Inflammatory responses can induce arterial endothelial dysfunction that constitutes an important trigger for atherosclerosis and structural changes in arteries. The exercise intervention effectively suppresses the inflammatory response, and long-term low-to-moderate-intensity exercise reduces the expression of pro-inflammatory proteins, such as CRP, MCP-1, tumor necrosis factor-alpha (TNF-$\alpha$) , ICAM-1, and VCAM-1, while increasing the expression levels of anti-inflammatory factors such as IL-4 and IL-10, thereby rectifying arterial endothelial function [33, 59]. Hong et al. [56] found that the long-term moderate-intensity exercise mitigated coronary endoplasmic reticulum stress-related endothelial dysfunction by reducing endoplasmic reticulum stress and thioredoxin-interacting protein (TXNIP)/nucleotide-binding and oligomerization (NACHT), leucine-rich repeat (LRR), and N-terminal pyrin domain (PYD) domains-containing protein 3 (NLRP3) inflammatory vesicle expression. In contrast, long-term high-intensity sustained exercise increased the levels of inflammatory factors such as IL-6, creating an inflammatory response [60].

EPCs can differentiate into endothelial cells that are involved in mediating the repair of endogenous vascular endothelial injury and that play a key role in maintaining the structural and functional integrity of the vascular endothelium [61]. Long-term Exercise can increase the number of EPCs, increase the activity of eNOS, enhance the bioavailability of NO, regulate endothelial repair in angiogenesis, and prevent endothelial dysfunction by targeting EPCs [62]. Acute and long-term moderate-intensity aerobic or resistance exercise affects the mobilization of EPCs by augmenting related pro-angiogenic factors such as vascular endothelial growth factor (VEGF),stromal cell-derived factor-1, hypoxia-inducible factor-1, and matrix metalloproteinase-9 to enhance endogenous endothelial repair, which, in turn, repairs and maintains the vascular cytoarchitecture [63, 64, 65].

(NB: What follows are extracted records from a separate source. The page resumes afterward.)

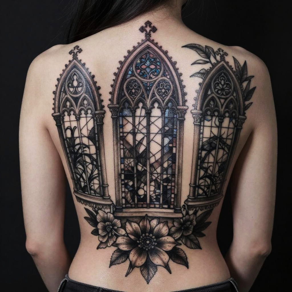 Gothic tattoos for females, dark and delicate motifs including elaborate crosses, bats, ravens, and intricate filigree with a vintage gothic vibe, sharp linework and subtle shading, showcasing a blend of beauty and darkness on the upper arm
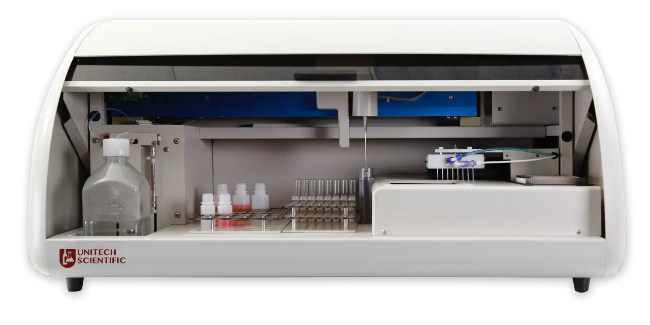 Automatically Calculates results, multiple curve-fitting, Easy to Use. Pre-programed protocols for Unitech kits & standards; Open Software, 60 results / 30-test kits
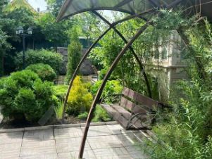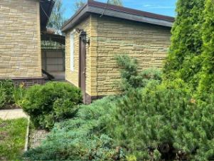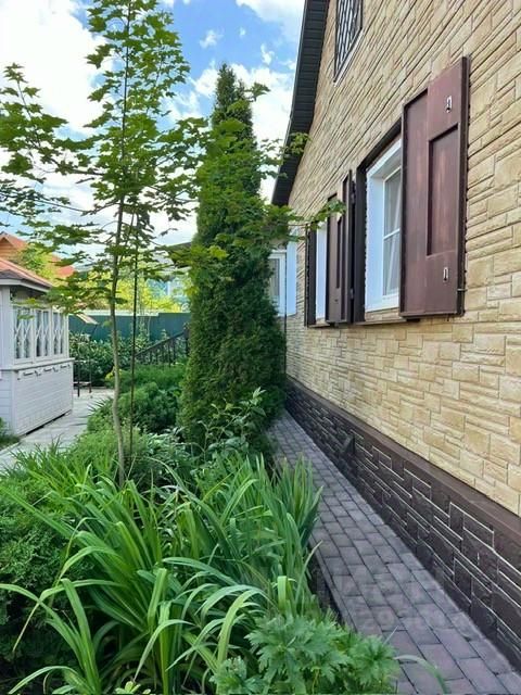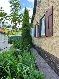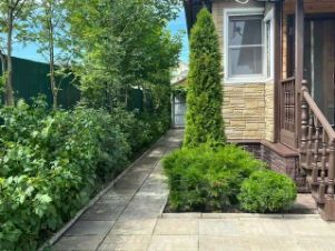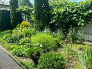 Участок ровный, огорожен забором из профнастила. Перемещаться можно по дорожкам, уложенным плиткой с дренажной системой. На участке применён ландшафтный дизайн: высажено множество взрослых растений, которые в летнее время создают приятную тень и прохладу, многолетние кустарники, цветы и стелящиеся хвойные украшают собой альпийские горки. Вдоль дорожек высажены плодовые растения, которые летом будут радовать своим урожаем, а по забору пущены лозы чёрного винограда.
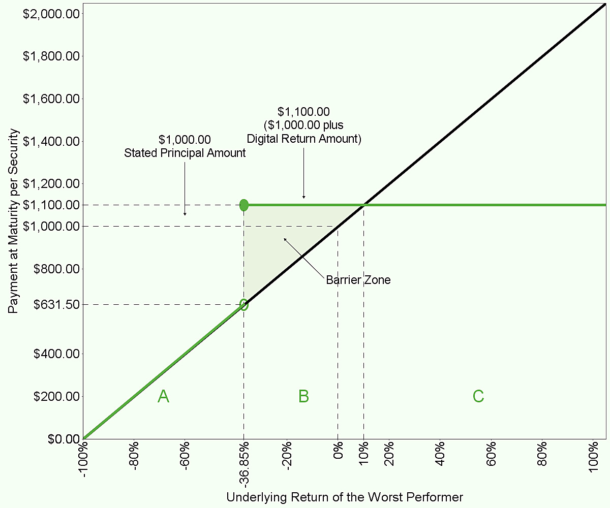** The diagram and the hypotheticals assume the lowest digital return amount at maturity.
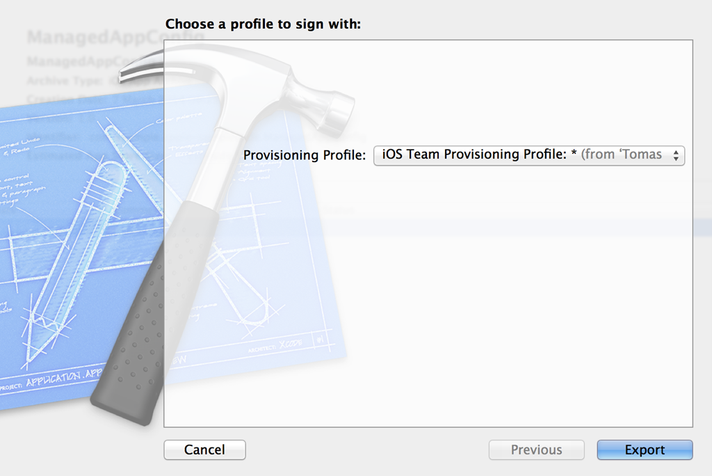 Sign the with the provisioning profile that was created. In this case, I am using my WildCard development profile.
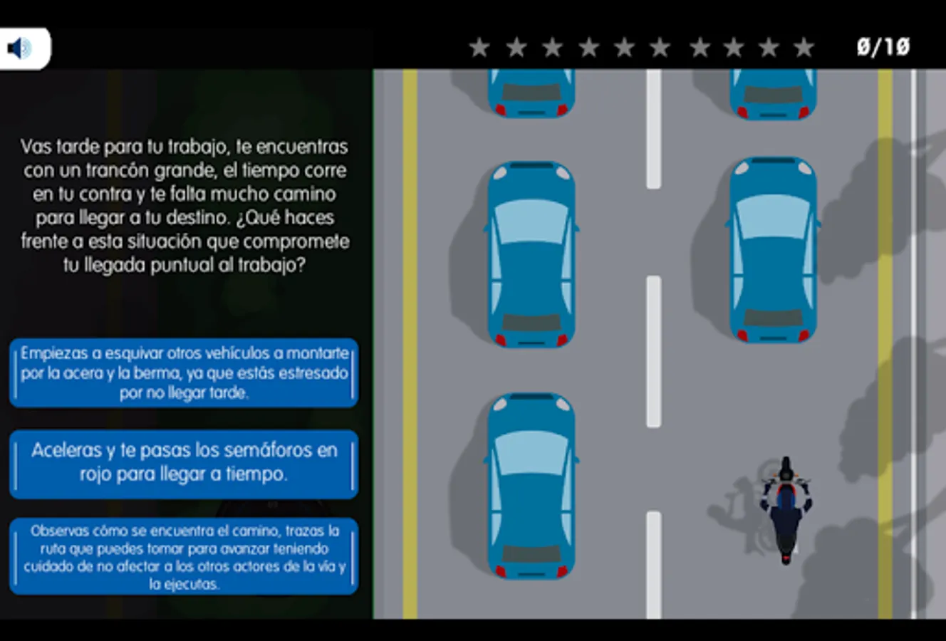 In Auteco social we want to raise awareness about the importance of self-care and that of others when driving a motorcycle, so we have implemented an interactive course to give people essential elements that will strengthen them as exemplary motorcyclists. This virtual experience, based on the e-learning methodology, provides personalized training and addresses topics focused on the responsible driving of motorcycles and the relationship with the other actors on the road.
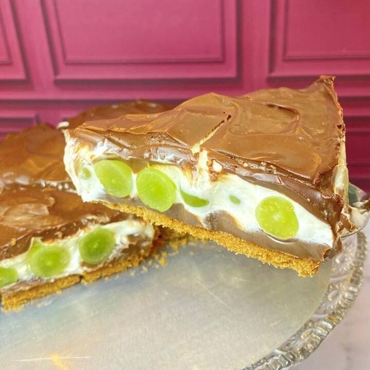 Brownie macio, com creme de pistache super cremoso e finalizado com pedaços crocantes de pistache. Uma delícia elegante e cheia de personalidade!

The release of a range of bioactive molecules in exercise via extracellular vesicles has been identified as a novel phenomenon in mediating intercellular communication that promotes beneficial effects in many systems in vivo, and the exercise intervention can induce the release of exosomes from a variety of tissues and thereby improve endothelial function. Exosomes are nano-sized tiny extracellular vesicles that contain proteins, lipids, nucleotides, and other biologically active substances; and these target endothelial cells through direct lipid membrane fusion, receptor-ligand interactions, macropinocytosis, endocytosis, and other pathways to regulate cellular behavior and mediate biological effects. These actions then promote vascular neogenesis, the regulation of vasoconstriction and diastole, and the inhibition of apoptosis and other regulatory endothelial functions [66]. Exercise-induced exosome secretion provides a novel and direct endogenous cardioprotective effect that is closely related to the advancement of intercellular information exchange [67] by exercise, the activation of the sprouty related EVH1 domain containing 1 (SPRED1)/VEGF signaling pathway [28], and increased Ca${}^{2+}$ release [68]. Exercise-induced circulating exosomes are thought to manifest a positive regulatory role in mediating signaling processes associated with adaptive responses to exercise, and both acute exercise and long-term chronic exercise exert beneficial actions on endothelial function and protect cardiovascular health by promoting the expression of exosomes and their contents (miRNAs and proteins)-including miRNA-126 and miRNA-342-5P, which enhance intercellular communication [28, 66, 69]. Ma et al. [28] demonstrated that long-term low- and moderate-intensity exercise reduced endothelial cell apoptosis and improved endothelial function by increasing miR-126 expression in circulating exosomes, which in turn activated the downstream sprouty related EVH1 domain containing 1 (SPRED1)/VEGF-signal-transduction pathway. Another study revealed that plasma exosomes secreted by mice after 2 weeks of moderate-intensity wheel exercise significantly enhanced endothelial cell migration and angiogenesis compared with sedentary mice and that exosomal SOD3 was important in angiogenesis [70].